__What needs to be done__: Line by line, give the data again exactly as it appears, but without pictures.

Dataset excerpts
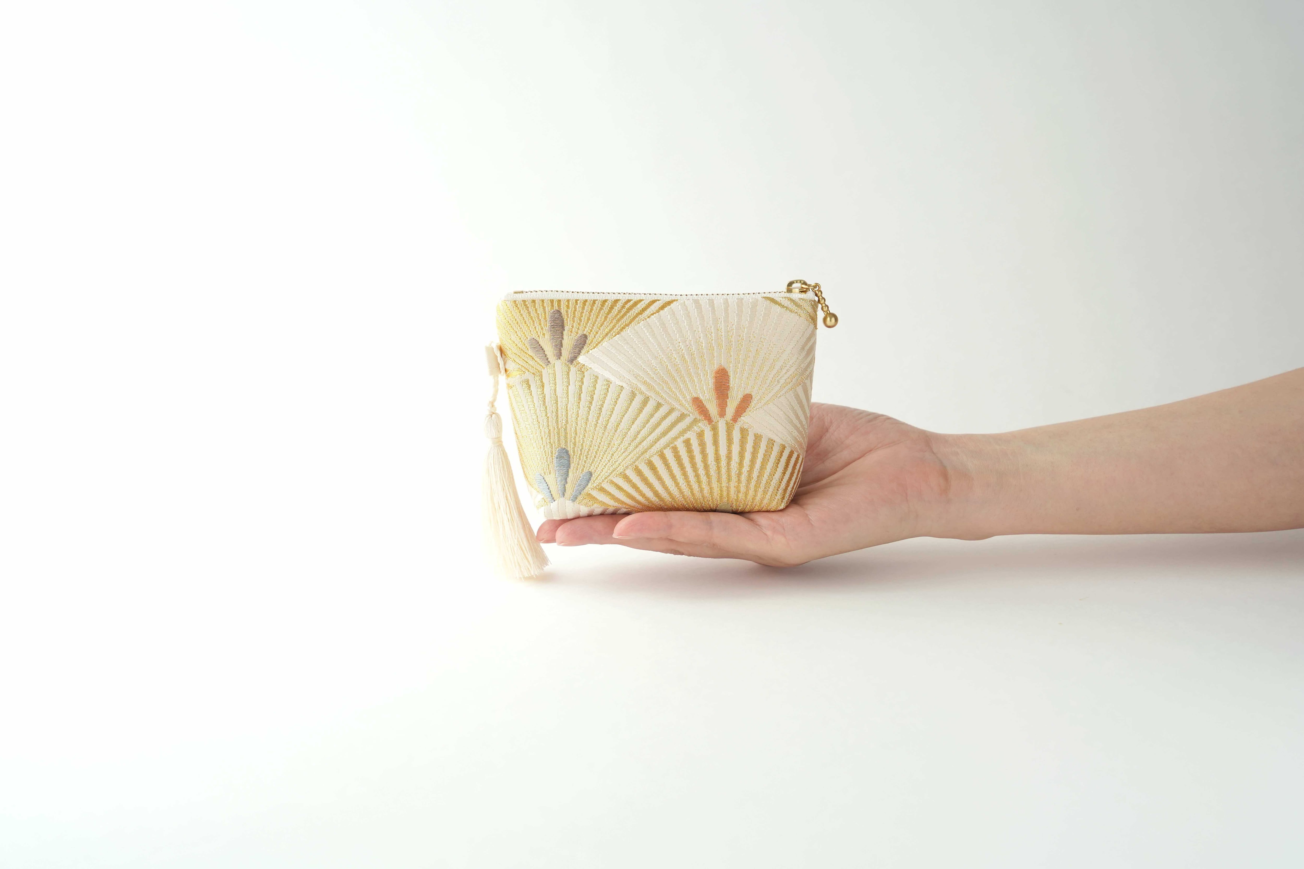 【西陣織 篠屋宗兵衛謹製 若松模様 ゴールド シルク帯リメイクミニポーチ】カードケース、ポーチ小さめ、ジュエリーポーチ。誕生日ギフトにも。
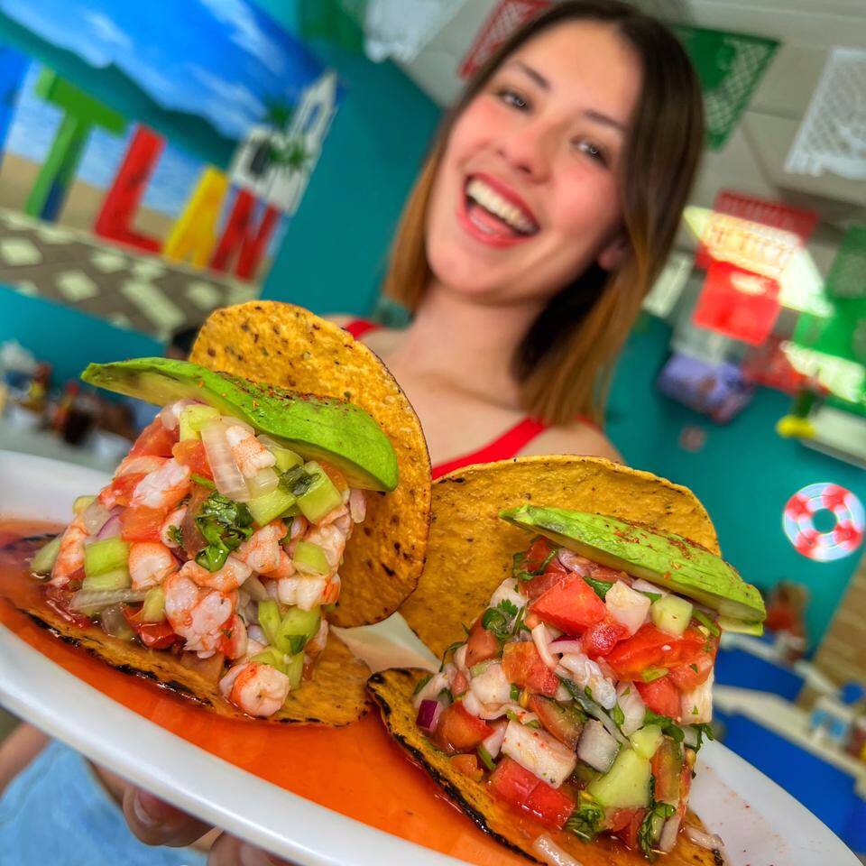 Tostada con ceviche de camarón cocido, pico de gallo y aguacate.
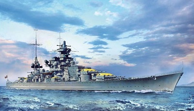 Bausatz der DKM Blücher 1:350 Trumpeter. Ätzteile von Eduard und Holzdeck Artwox.
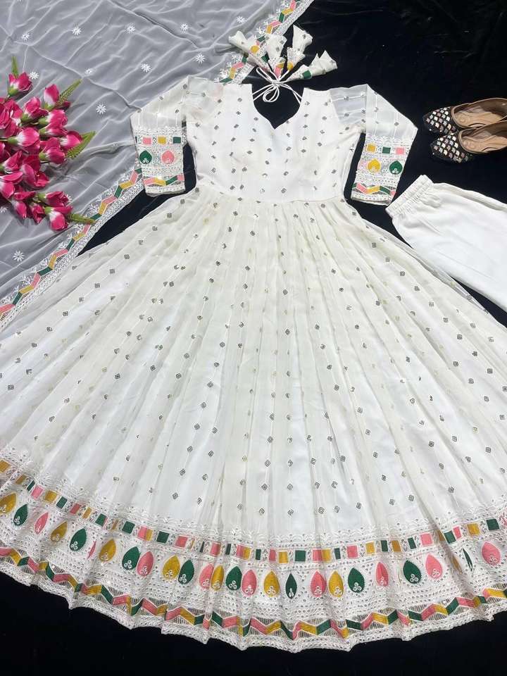 Última colección de diseñadores Faux Georgette Heavy Sequence Bordado Trabajo Anarkali Vestido y pantalón con Dupatta a precio mayorista
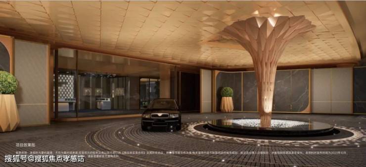 强烈的尊贵感和归家仪式感:项目主入口仿照五星级酒店打造环岛式落客区,超48米星级酒店式迎宾门廊、约10米挑高归家大堂。
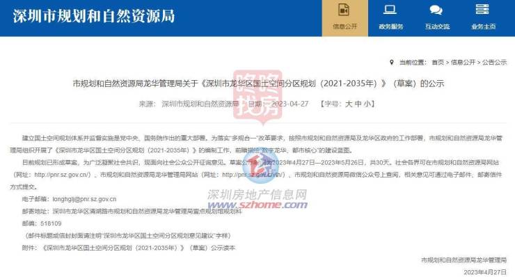 近日,深圳市规划和自然资源局龙华管理局关于《深圳市龙华区国土空间分区规划(2021-2035年)》(草案)的公示。

__Response area__:
 【西陣織 篠屋宗兵衛謹製 若松模様 ゴールド シルク帯リメイクミニポーチ】カードケース、ポーチ小さめ、ジュエリーポーチ。誕生日ギフトにも。
 Tostada con ceviche de camarón cocido, pico de gallo y aguacate.
 Bausatz der DKM Blücher 1:350 Trumpeter. Ätzteile von Eduard und Holzdeck Artwox.
 Última colección de diseñadores Faux Georgette Heavy Sequence Bordado Trabajo Anarkali Vestido y pantalón con Dupatta a precio mayorista
 强烈的尊贵感和归家仪式感:项目主入口仿照五星级酒店打造环岛式落客区,超48米星级酒店式迎宾门廊、约10米挑高归家大堂。
 近日,深圳市规划和自然资源局龙华管理局关于《深圳市龙华区国土空间分区规划(2021-2035年)》(草案)的公示。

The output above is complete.